Gradualmente, Navarre contorna as restrições do seu trabalho e inicia a sua própria investigação, entrando em espaços e conversas que os seus superiores homens não podem ou não podem esperar. Ela logo encontrou resistência de pessoas mais abastadas (principalmente mulheres e outras adolescentes) que pareciam querer manter os desaparecimentos dos estudantes encobertos, em linha com entendimentos implícitos de honra e a ideia de adolescentes se casarem antes da formatura. No entanto, embora Navarra tenha de andar na ponta dos pés através destes campos minados, a abordagem estética introspectiva de Al Mansour acaba por ser em grande parte evasiva e faz pouco para melhorar os contornos da história.
A obsessão da protagonista em resolver o aparente assassinato de uma jovem parece estar ligada a acontecimentos de seu passado, que Al Mansour e os editores Rafael Noor e Steve Cohen apresentam através de flashbacks oníricos. No entanto, até agora, as expressões desta motivação raramente foram além de Navarra dizer a quem quisesse ouvir o quão dedicada ela era ao crime em questão. É verdade que há uma razão astuta para sua abordagem detalhada que não é revelada até o final do filme, mas até que “Unidentified” chegue a esse ponto, ela hesita em desvendar um mistério desinteressante cujos detalhes muitas vezes caem no colo de Navarre (e do público) por pura coincidência.
Sem revelar muito, Mansour e o co-roteirista Brad Nyman também têm uma razão indireta para essa estrutura, já que uma reviravolta bizarra no terceiro ato torna todo o objetivo do filme e seu tema central discutíveis. Por um lado, esta é a história de uma aspirante a detetive trabalhadora que explora as convenções sociais e, em última análise, as explora em seu benefício. Mas, por outro lado, essa descrição de cima para baixo só funciona em retrospectiva, pois o filme já apresenta inúmeras cenas de Navarra tentando extrair informações exatamente do mesmo diálogo uma dezena de vezes diferentes.
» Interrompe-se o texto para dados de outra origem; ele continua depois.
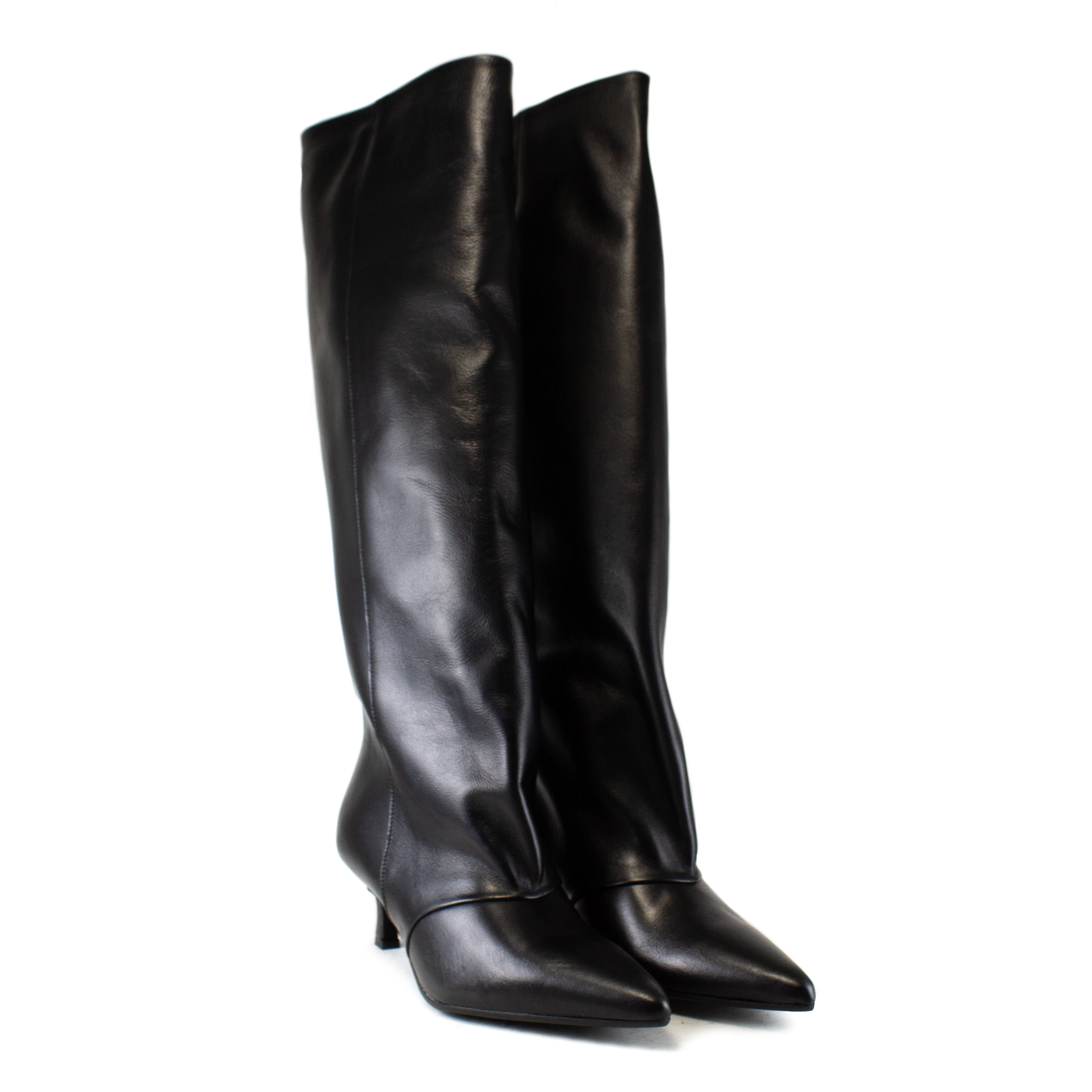 Eleva il tuo look con i nostri stivali alti sotto il ginocchio, il must-have assoluto per la stagione, realizzati con la maestria artigianale Made in Italy. Questi stivali uniscono la sofisticatezza della vera pelle nera alla silhouette di tendenza del momento. Il gambale è volutamente morbido e non strutturato, un dettaglio di design che crea il ricercato effetto slouchy (cadente) quando indossato. Questa caratteristica li rende estremamente comodi e si adatta perfettamente alle tendenze fashion del momento. Il sottile e raffinato kitten heel aggiunge quel lift elegante e di tendenza, garantendo allo stesso tempo un comfort superiore rispetto a un tacco a spillo più alto.

Isso é um pouco problemático.
Há momentos em que parece que “Não identificado” pode ter algo mais sutil ou significativo a dizer, como em uma cena inicial, quando os personagens entram em conflito sobre a pena de morte, ou quando Navarra começa a enfrentar as profundezas da corrupção social tácita que ainda infecta a educada sociedade saudita. No entanto, tudo isso acaba sendo encoberto em favor da tentativa de enganar o público, deixando pouca ou nenhuma evolução narrativa coerente; nenhum dos tópicos mencionados acima é acompanhado.
Nawal é interpretada de forma cuidadosa e convincente por al-Zahrani, que teve um papel principal no drama do diretor de 2019, “The Perfect Candidate”, e Nawal tem o mesmo sobrenome de sua personagem naquele filme: Al Safan. A jovem protagonista de “Wadjda” também leva este nome, ligando espiritualmente as três obras de Al-Mansour sobre as mulheres sauditas que abandonam os papéis prescritos. No entanto, Unidentified sente que o conceito se apresenta como uma estranha revisão excessiva, onde qualquer sugestão de complexidade ou complexidade moral é exagerada, porque quando todas as camadas do filme são removidas, ele cai em algum lugar próximo a uma caricatura de desenho animado.
Talvez exista algum tipo de versão hipotética de “Unidentified” que se incline inteiramente para a diversão do gênero, de uma forma mais consistente com sua ambição de desafiar as expectativas cinematográficas. No entanto, o que acaba na tela é extremamente monótono, tanto em termos de estrutura visual quanto de reviravoltas narrativas aleatórias. Este é aquele raro filme em que toda intenção artística é facilmente identificável, mas seu efeito emocional nunca é descoberto.